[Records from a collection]
Segment Open

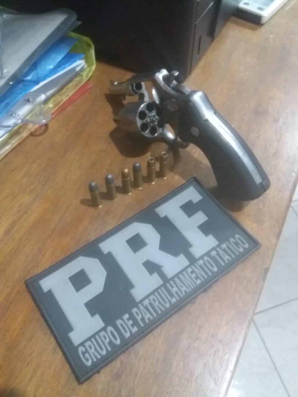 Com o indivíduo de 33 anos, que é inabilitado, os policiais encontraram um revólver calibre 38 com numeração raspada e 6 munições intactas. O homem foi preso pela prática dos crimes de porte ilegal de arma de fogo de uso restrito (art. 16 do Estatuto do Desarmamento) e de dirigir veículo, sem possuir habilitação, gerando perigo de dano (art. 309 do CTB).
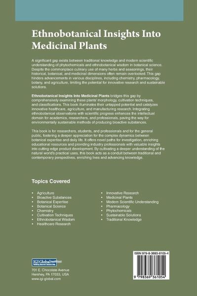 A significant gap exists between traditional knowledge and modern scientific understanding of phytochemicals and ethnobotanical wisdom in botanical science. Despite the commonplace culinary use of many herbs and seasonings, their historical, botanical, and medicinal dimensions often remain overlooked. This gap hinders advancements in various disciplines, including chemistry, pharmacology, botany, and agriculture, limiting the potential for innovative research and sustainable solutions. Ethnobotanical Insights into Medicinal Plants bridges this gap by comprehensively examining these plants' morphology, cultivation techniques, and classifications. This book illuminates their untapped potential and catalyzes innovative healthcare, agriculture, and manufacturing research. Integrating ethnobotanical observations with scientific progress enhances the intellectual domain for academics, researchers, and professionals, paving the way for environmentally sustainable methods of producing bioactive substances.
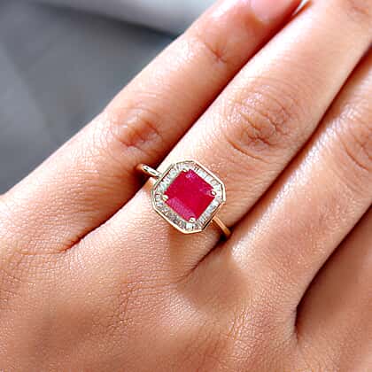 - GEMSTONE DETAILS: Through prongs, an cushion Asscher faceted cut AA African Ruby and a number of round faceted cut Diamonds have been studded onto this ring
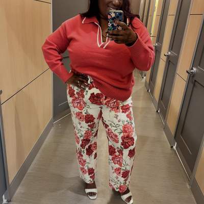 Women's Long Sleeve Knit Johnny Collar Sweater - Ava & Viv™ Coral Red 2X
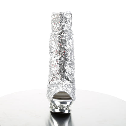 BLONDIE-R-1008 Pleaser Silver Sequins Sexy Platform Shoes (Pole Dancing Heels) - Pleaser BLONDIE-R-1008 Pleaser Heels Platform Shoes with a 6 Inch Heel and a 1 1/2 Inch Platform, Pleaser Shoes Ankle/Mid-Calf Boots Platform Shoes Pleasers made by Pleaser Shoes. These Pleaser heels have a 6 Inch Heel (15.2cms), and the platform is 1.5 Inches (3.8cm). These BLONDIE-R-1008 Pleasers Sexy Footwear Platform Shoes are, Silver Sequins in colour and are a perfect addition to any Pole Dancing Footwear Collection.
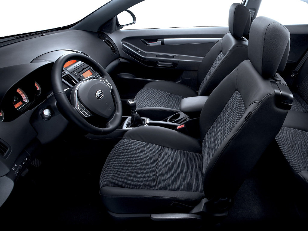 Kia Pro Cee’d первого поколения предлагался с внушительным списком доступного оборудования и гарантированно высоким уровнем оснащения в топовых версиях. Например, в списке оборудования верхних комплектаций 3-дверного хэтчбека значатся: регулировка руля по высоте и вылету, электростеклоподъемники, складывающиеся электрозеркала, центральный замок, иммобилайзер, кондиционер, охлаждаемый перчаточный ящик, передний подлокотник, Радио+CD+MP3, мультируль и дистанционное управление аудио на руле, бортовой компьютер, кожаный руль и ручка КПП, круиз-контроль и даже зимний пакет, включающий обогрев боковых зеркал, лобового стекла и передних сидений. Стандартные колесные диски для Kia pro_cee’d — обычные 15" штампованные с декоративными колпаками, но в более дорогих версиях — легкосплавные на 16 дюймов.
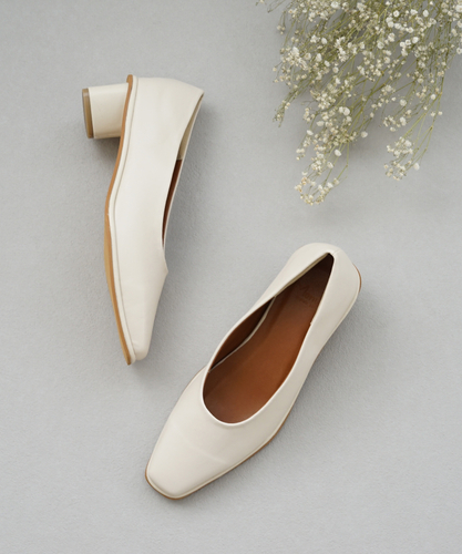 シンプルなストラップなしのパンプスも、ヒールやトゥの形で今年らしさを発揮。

Segment Closed

Copy each line of the records above without change, but do not include any picture.

# Output for this exercise
 Com o indivíduo de 33 anos, que é inabilitado, os policiais encontraram um revólver calibre 38 com numeração raspada e 6 munições intactas. O homem foi preso pela prática dos crimes de porte ilegal de arma de fogo de uso restrito (art. 16 do Estatuto do Desarmamento) e de dirigir veículo, sem possuir habilitação, gerando perigo de dano (art. 309 do CTB).
 A significant gap exists between traditional knowledge and modern scientific understanding of phytochemicals and ethnobotanical wisdom in botanical science. Despite the commonplace culinary use of many herbs and seasonings, their historical, botanical, and medicinal dimensions often remain overlooked. This gap hinders advancements in various disciplines, including chemistry, pharmacology, botany, and agriculture, limiting the potential for innovative research and sustainable solutions. Ethnobotanical Insights into Medicinal Plants bridges this gap by comprehensively examining these plants' morphology, cultivation techniques, and classifications. This book illuminates their untapped potential and catalyzes innovative healthcare, agriculture, and manufacturing research. Integrating ethnobotanical observations with scientific progress enhances the intellectual domain for academics, researchers, and professionals, paving the way for environmentally sustainable methods of producing bioactive substances.
 - GEMSTONE DETAILS: Through prongs, an cushion Asscher faceted cut AA African Ruby and a number of round faceted cut Diamonds have been studded onto this ring
 Women's Long Sleeve Knit Johnny Collar Sweater - Ava & Viv™ Coral Red 2X
 BLONDIE-R-1008 Pleaser Silver Sequins Sexy Platform Shoes (Pole Dancing Heels) - Pleaser BLONDIE-R-1008 Pleaser Heels Platform Shoes with a 6 Inch Heel and a 1 1/2 Inch Platform, Pleaser Shoes Ankle/Mid-Calf Boots Platform Shoes Pleasers made by Pleaser Shoes. These Pleaser heels have a 6 Inch Heel (15.2cms), and the platform is 1.5 Inches (3.8cm). These BLONDIE-R-1008 Pleasers Sexy Footwear Platform Shoes are, Silver Sequins in colour and are a perfect addition to any Pole Dancing Footwear Collection.
 Kia Pro Cee’d первого поколения предлагался с внушительным списком доступного оборудования и гарантированно высоким уровнем оснащения в топовых версиях. Например, в списке оборудования верхних комплектаций 3-дверного хэтчбека значатся: регулировка руля по высоте и вылету, электростеклоподъемники, складывающиеся электрозеркала, центральный замок, иммобилайзер, кондиционер, охлаждаемый перчаточный ящик, передний подлокотник, Радио+CD+MP3, мультируль и дистанционное управление аудио на руле, бортовой компьютер, кожаный руль и ручка КПП, круиз-контроль и даже зимний пакет, включающий обогрев боковых зеркал, лобового стекла и передних сидений. Стандартные колесные диски для Kia pro_cee’d — обычные 15" штампованные с декоративными колпаками, но в более дорогих версиях — легкосплавные на 16 дюймов.
 シンプルなストラップなしのパンプスも、ヒールやトゥの形で今年らしさを発揮。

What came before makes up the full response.